━━ Exercise inputs ━━
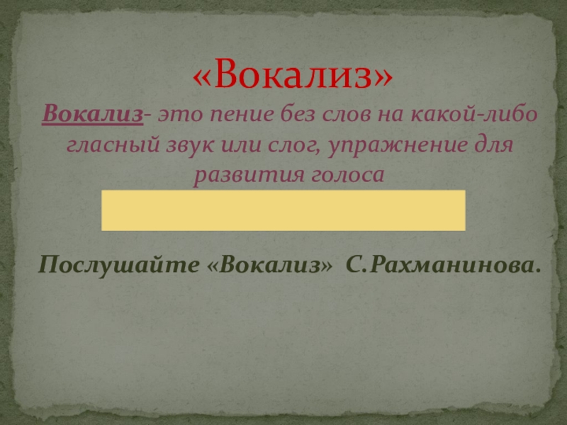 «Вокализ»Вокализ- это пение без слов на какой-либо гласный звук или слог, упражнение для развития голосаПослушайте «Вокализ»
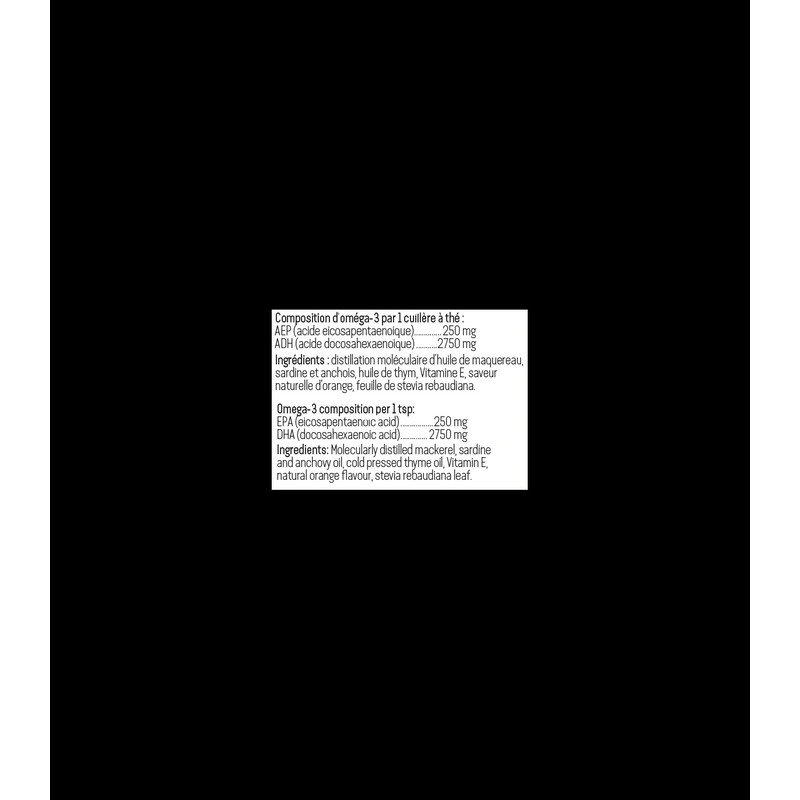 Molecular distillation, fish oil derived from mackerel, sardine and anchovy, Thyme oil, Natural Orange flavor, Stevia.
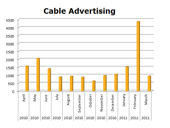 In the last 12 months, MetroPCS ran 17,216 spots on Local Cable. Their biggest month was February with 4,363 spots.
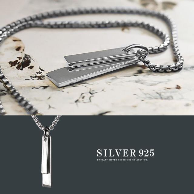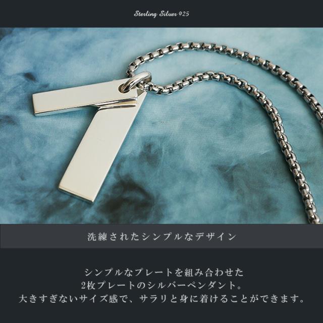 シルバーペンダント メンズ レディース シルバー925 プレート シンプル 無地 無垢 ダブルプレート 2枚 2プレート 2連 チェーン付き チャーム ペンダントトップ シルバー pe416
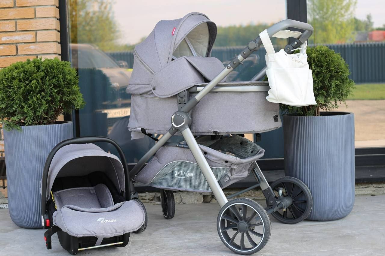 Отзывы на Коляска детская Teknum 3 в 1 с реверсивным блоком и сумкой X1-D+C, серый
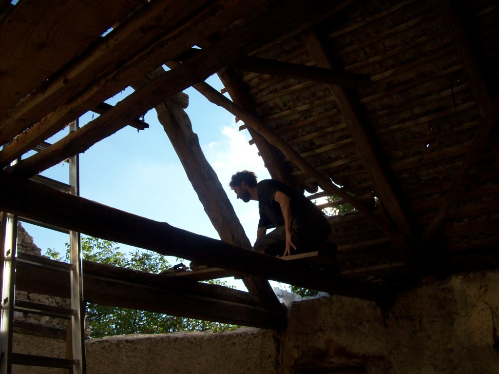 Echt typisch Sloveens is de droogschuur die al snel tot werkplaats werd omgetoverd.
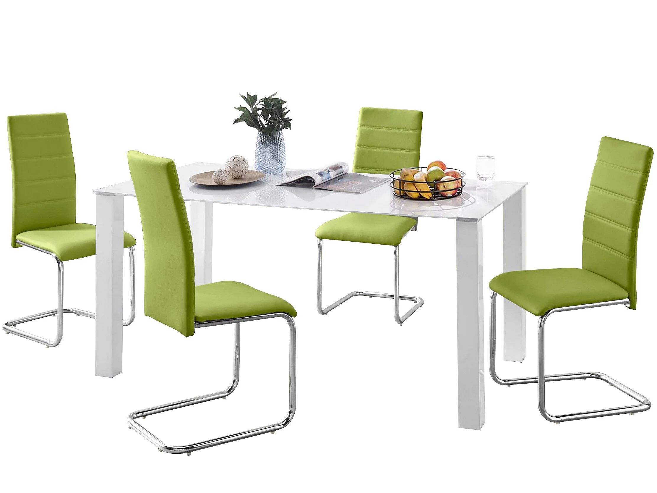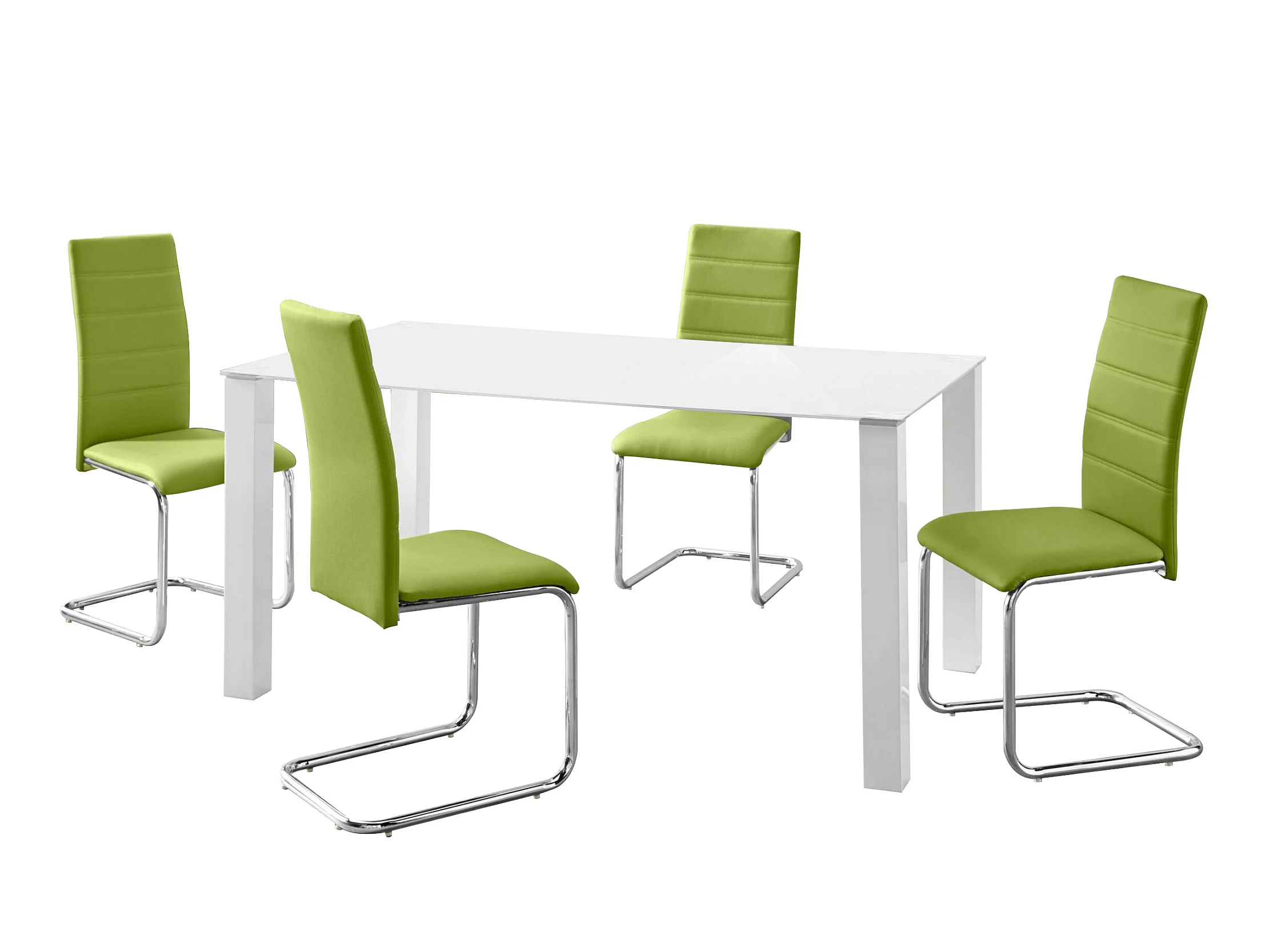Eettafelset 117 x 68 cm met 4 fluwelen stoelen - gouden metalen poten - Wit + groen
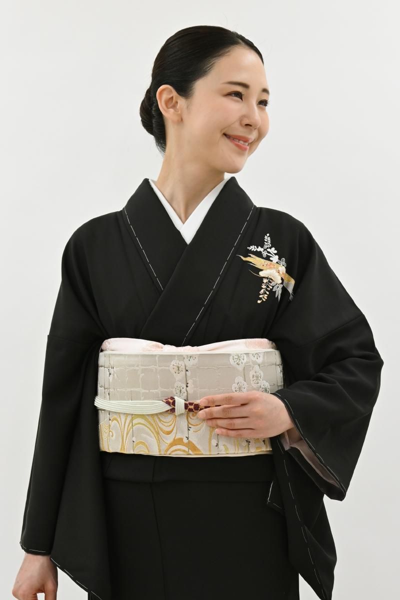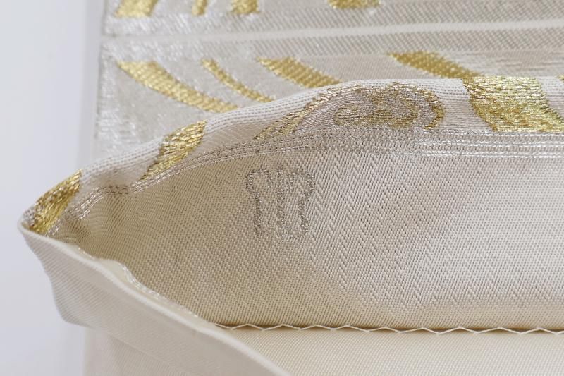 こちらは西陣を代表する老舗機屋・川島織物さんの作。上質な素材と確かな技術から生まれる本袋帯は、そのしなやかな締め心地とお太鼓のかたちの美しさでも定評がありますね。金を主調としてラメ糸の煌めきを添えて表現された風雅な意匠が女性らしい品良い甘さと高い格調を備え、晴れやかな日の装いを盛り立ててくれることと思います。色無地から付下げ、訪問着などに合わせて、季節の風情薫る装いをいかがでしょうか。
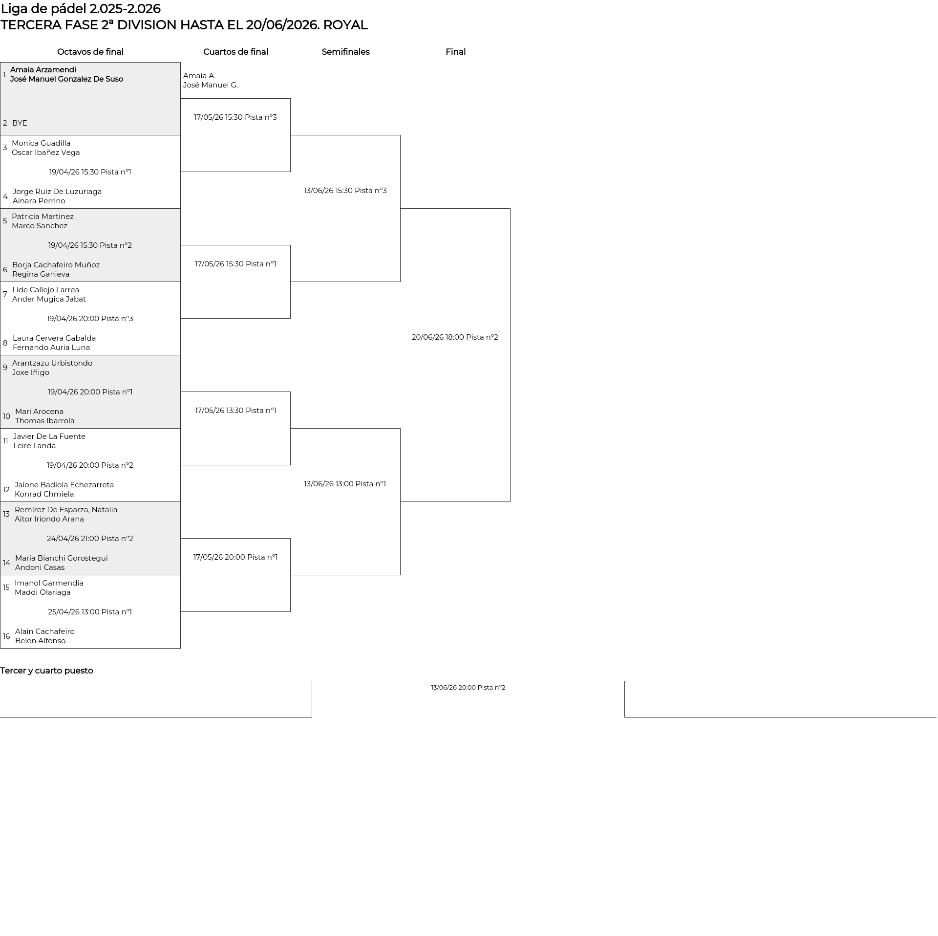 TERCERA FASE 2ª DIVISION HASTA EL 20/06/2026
━━━
An exact printout of the entries is wanted, covering the first line through the line holding "In the last", with pictures kept out of it.

 «Вокализ»Вокализ- это пение без слов на какой-либо гласный звук или слог, упражнение для развития голосаПослушайте «Вокализ»
 Molecular distillation, fish oil derived from mackerel, sardine and anchovy, Thyme oil, Natural Orange flavor, Stevia.
 In the last 12 months, MetroPCS ran 17,216 spots on Local Cable. Their biggest month was February with 4,363 spots.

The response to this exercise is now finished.